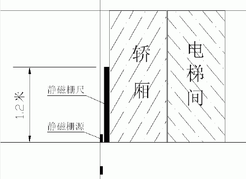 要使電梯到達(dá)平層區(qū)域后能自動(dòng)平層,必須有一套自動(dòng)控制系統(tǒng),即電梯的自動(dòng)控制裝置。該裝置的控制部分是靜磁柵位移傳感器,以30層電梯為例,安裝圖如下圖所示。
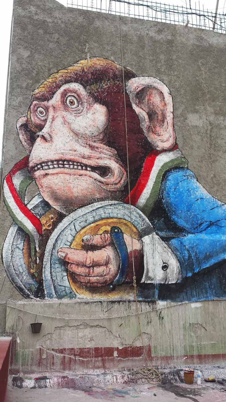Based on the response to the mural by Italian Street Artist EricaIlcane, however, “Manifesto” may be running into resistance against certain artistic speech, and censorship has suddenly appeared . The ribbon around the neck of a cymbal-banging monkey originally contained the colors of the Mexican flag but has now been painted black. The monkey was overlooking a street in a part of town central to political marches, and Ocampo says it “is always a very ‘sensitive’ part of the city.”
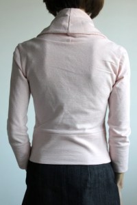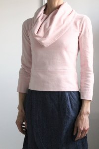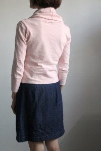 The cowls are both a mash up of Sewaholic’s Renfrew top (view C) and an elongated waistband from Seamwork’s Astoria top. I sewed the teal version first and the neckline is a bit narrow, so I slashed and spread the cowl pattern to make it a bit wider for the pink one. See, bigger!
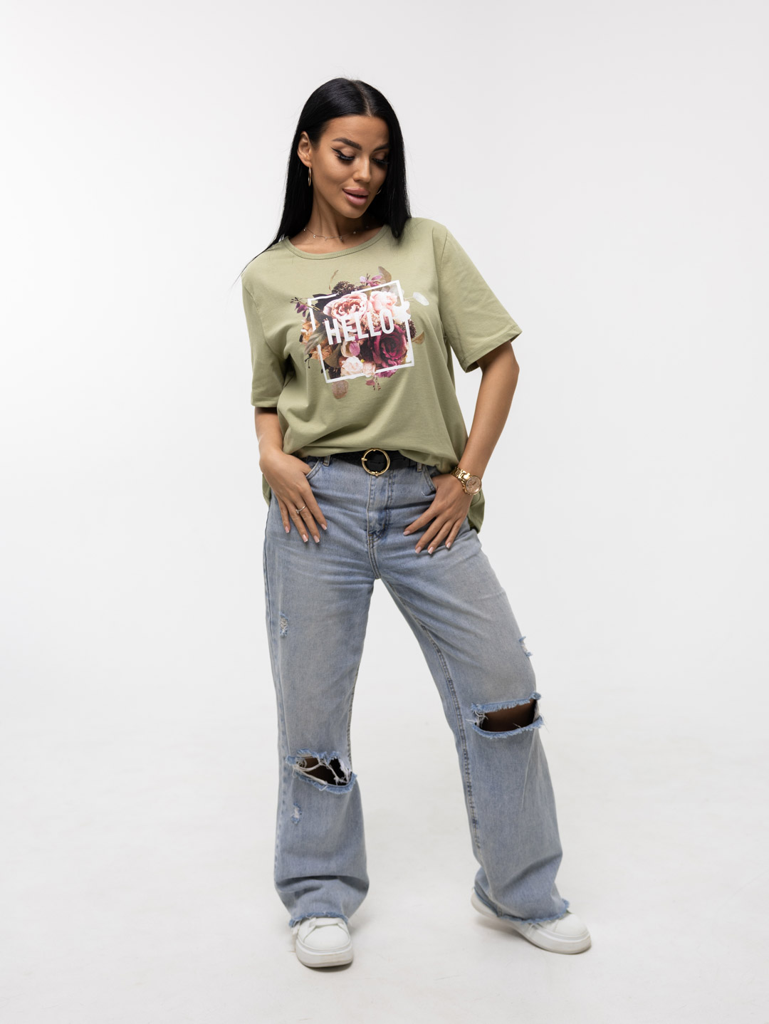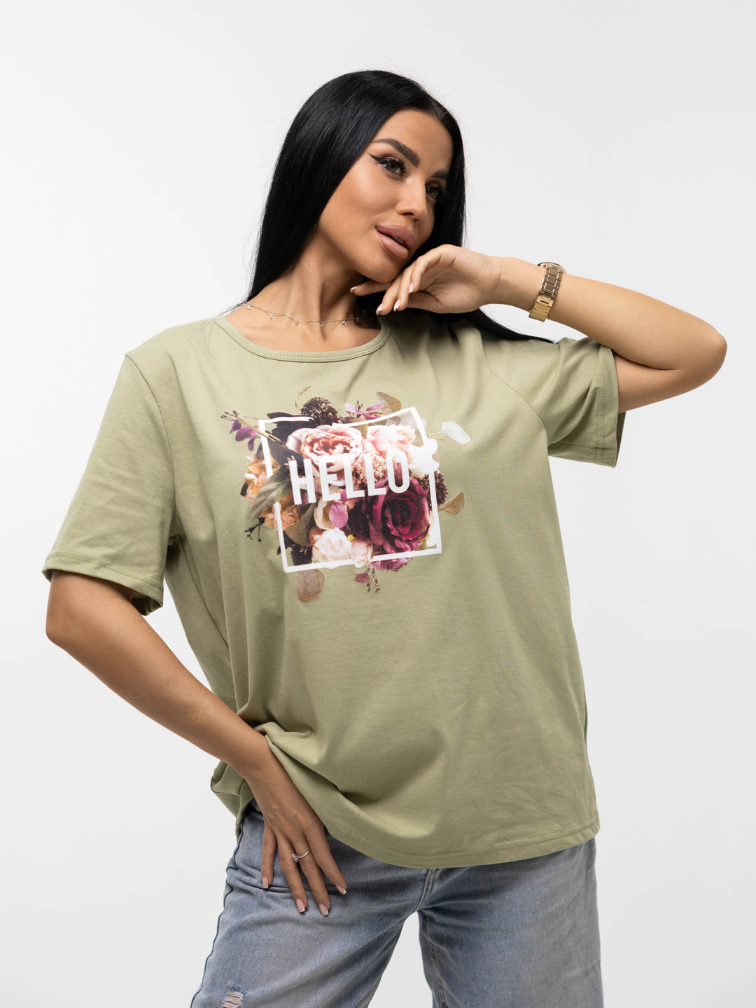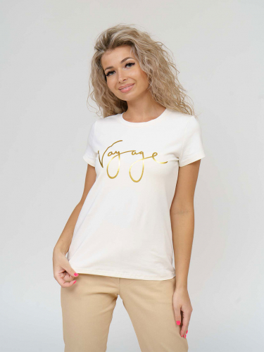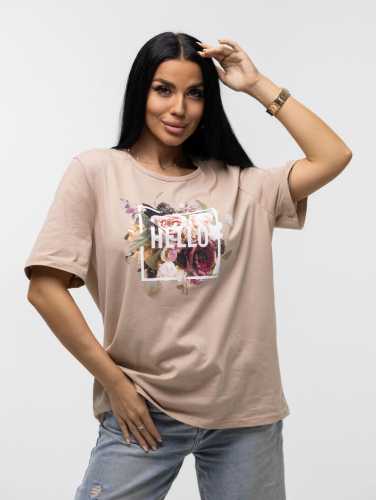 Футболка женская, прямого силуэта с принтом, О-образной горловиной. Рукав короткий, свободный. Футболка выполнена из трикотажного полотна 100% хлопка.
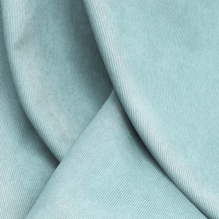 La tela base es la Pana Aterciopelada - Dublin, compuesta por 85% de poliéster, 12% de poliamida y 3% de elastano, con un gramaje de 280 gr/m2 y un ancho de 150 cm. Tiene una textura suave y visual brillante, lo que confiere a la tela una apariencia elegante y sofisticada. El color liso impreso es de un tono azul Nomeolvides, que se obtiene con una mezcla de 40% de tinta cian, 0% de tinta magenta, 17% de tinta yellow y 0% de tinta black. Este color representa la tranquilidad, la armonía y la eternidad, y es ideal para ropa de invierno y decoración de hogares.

WORK REQUEST:
The material above should be returned exactly, without pictures.

RESULT:
 要使電梯到達(dá)平層區(qū)域后能自動(dòng)平層,必須有一套自動(dòng)控制系統(tǒng),即電梯的自動(dòng)控制裝置。該裝置的控制部分是靜磁柵位移傳感器,以30層電梯為例,安裝圖如下圖所示。
Based on the response to the mural by Italian Street Artist EricaIlcane, however, “Manifesto” may be running into resistance against certain artistic speech, and censorship has suddenly appeared . The ribbon around the neck of a cymbal-banging monkey originally contained the colors of the Mexican flag but has now been painted black. The monkey was overlooking a street in a part of town central to political marches, and Ocampo says it “is always a very ‘sensitive’ part of the city.”
 The cowls are both a mash up of Sewaholic’s Renfrew top (view C) and an elongated waistband from Seamwork’s Astoria top. I sewed the teal version first and the neckline is a bit narrow, so I slashed and spread the cowl pattern to make it a bit wider for the pink one. See, bigger!
 Футболка женская, прямого силуэта с принтом, О-образной горловиной. Рукав короткий, свободный. Футболка выполнена из трикотажного полотна 100% хлопка.
 La tela base es la Pana Aterciopelada - Dublin, compuesta por 85% de poliéster, 12% de poliamida y 3% de elastano, con un gramaje de 280 gr/m2 y un ancho de 150 cm. Tiene una textura suave y visual brillante, lo que confiere a la tela una apariencia elegante y sofisticada. El color liso impreso es de un tono azul Nomeolvides, que se obtiene con una mezcla de 40% de tinta cian, 0% de tinta magenta, 17% de tinta yellow y 0% de tinta black. Este color representa la tranquilidad, la armonía y la eternidad, y es ideal para ropa de invierno y decoración de hogares.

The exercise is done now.